Beach quit napping before she turned 1. I have tried over the years to get her to start back with no success. Today napping was her idea. We lathered her heels in tiger balm and she did some stretching then under a goose down blanket we tried to sleep.
But she couldn't stop squirming.
I told her she was failing nap time.
She lay quiet for a few minutes then asked, "What is my grade now?"
When I answered "C-" she gasped in horror.
I told her to get an A one of us had to fall asleep.
I'm pretty sure chronic pain isn't normal at nine. Little zip lock bags of ice, tiger balm, napping brought on by pain, and a morning spent buying foods for ligament health isn't what I envisioned when I gave up a future in medicine to raise her. But I am not the one sleeping. This is her dream.
Beach on beam in high toe, ankles in neoprene.
It will be a shame to have to wake her for gym....
It starts with not being able to get warm.
Then vertigo steps in.
And tiredness takes over.
The ph in my blood turns acidic.
It taxes my kidneys and overloads my liver.
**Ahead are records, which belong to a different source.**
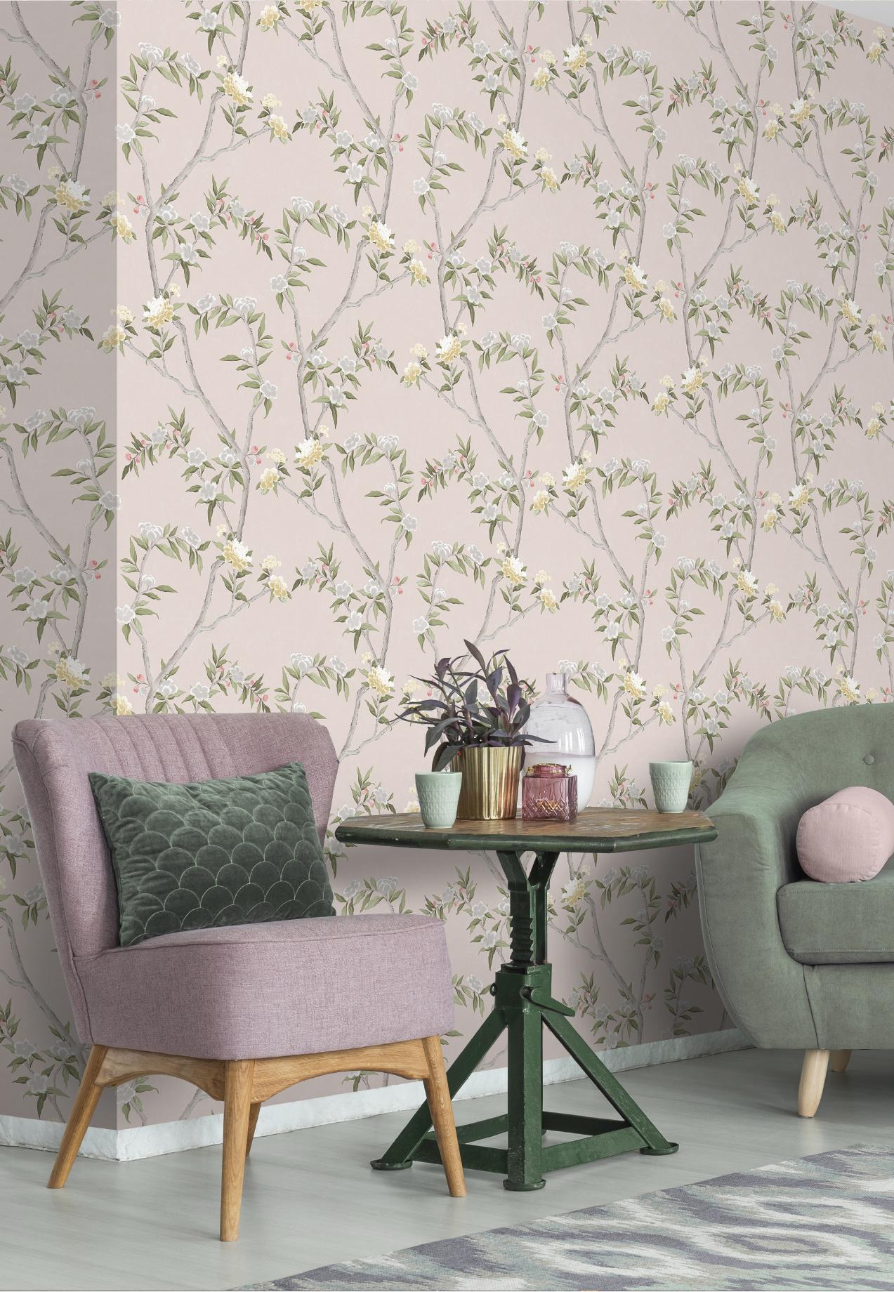 Returns For Galerie 1900-4 Spring Blossom Chinoiserie Pink Wallpaper 1900-4 Pink Wallpaper (Galerie)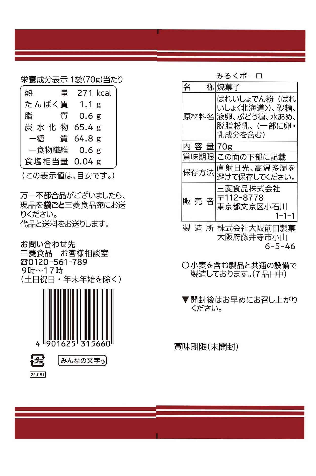 ばれいしょでん粉(ばれいしょ<北海道>)、砂糖、液卵、ぶどう糖、水あめ、脱脂粉乳、(一部に卵・乳成分を含む)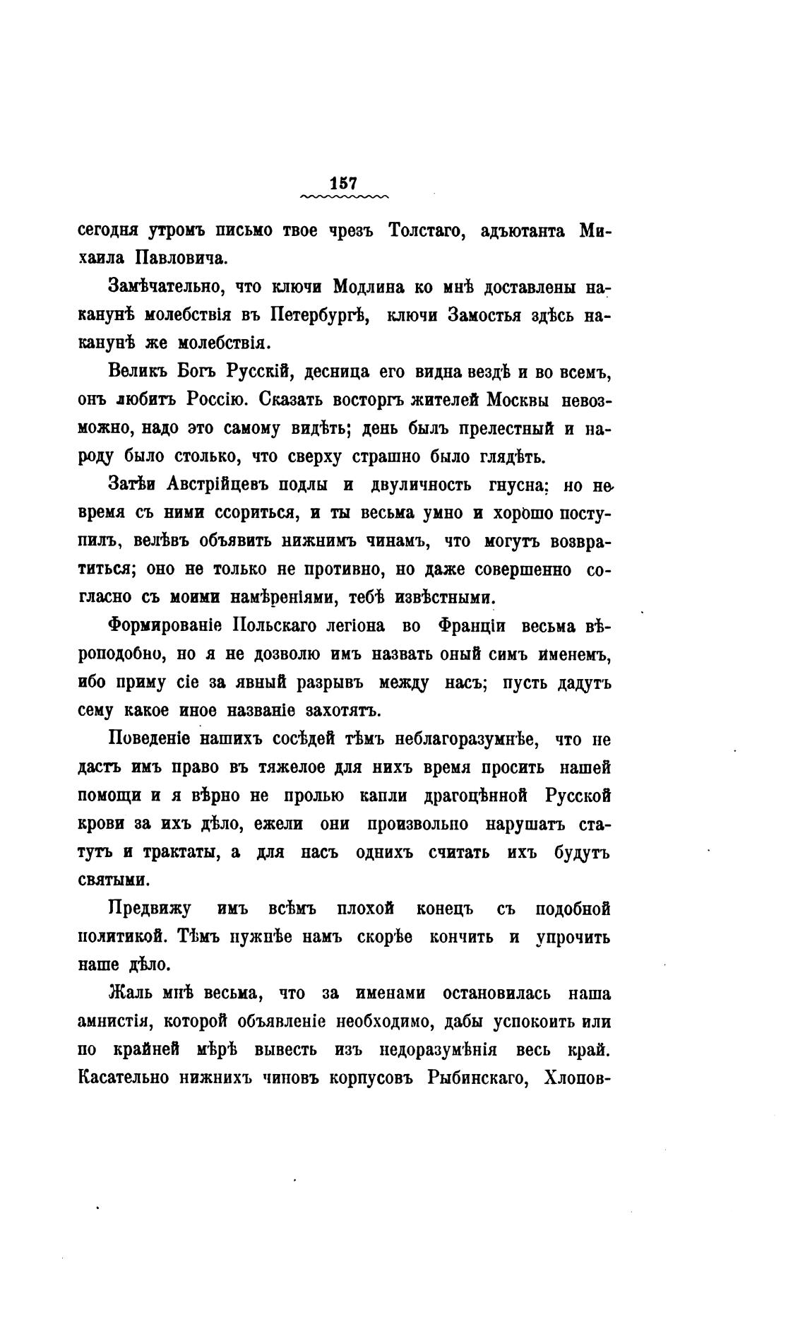 сегодня утроиъ письмо твое чрезъ Толстаго, адъютанта Ми-

It is like clockwork. I could calculate miles run and fat burned and know by number when this will hit me. Forecast it like weather. I knew standing on the scale this morning. I felt it in my reluctance to run cold. Not bothering to take me over slowly by 10 am my stomach began to roll and I was shivering uncontrollable.
This is part of the disease I have. The delicate alliance I have with my pancreas and even more fragile relationship it has with the rest of body.
On the other side of this small festering storm is better health, a stronger leaner me, and some say so in what goes on. Meanwhile I am here, again. It is where all my hard work has taken me: to the edge. The storm clouds are thick and they are creeping across the valley.
Now it is a waiting game.
Sit back and wait for the back edge of the storm to pass me by.
We had just finished dinner when our neighbor ran down to tell us that a game of Polish Horeshoes had broke out that their place. Rules can be found at www.SundayFundayGames.com but I will give you a short summary of the rules as I understood them. Two people make a team. To play you must be holding a drink. Object is to catch the Frisbee and not let your bottle perched on top of a pole get knocked over and when it is your turn to throw try to knock over the other teams bottle. (yeah, you should go read the rules yourself...)
Other helpful hints:
Don't play with a full beer
Throw from behind your pole or you give the other team a point.
Be willing to jump for it
(Looks like I couldn't catch the Frisbee either!)
If you look across the grass and see these two guys forget about protecting your bottle protect yourself!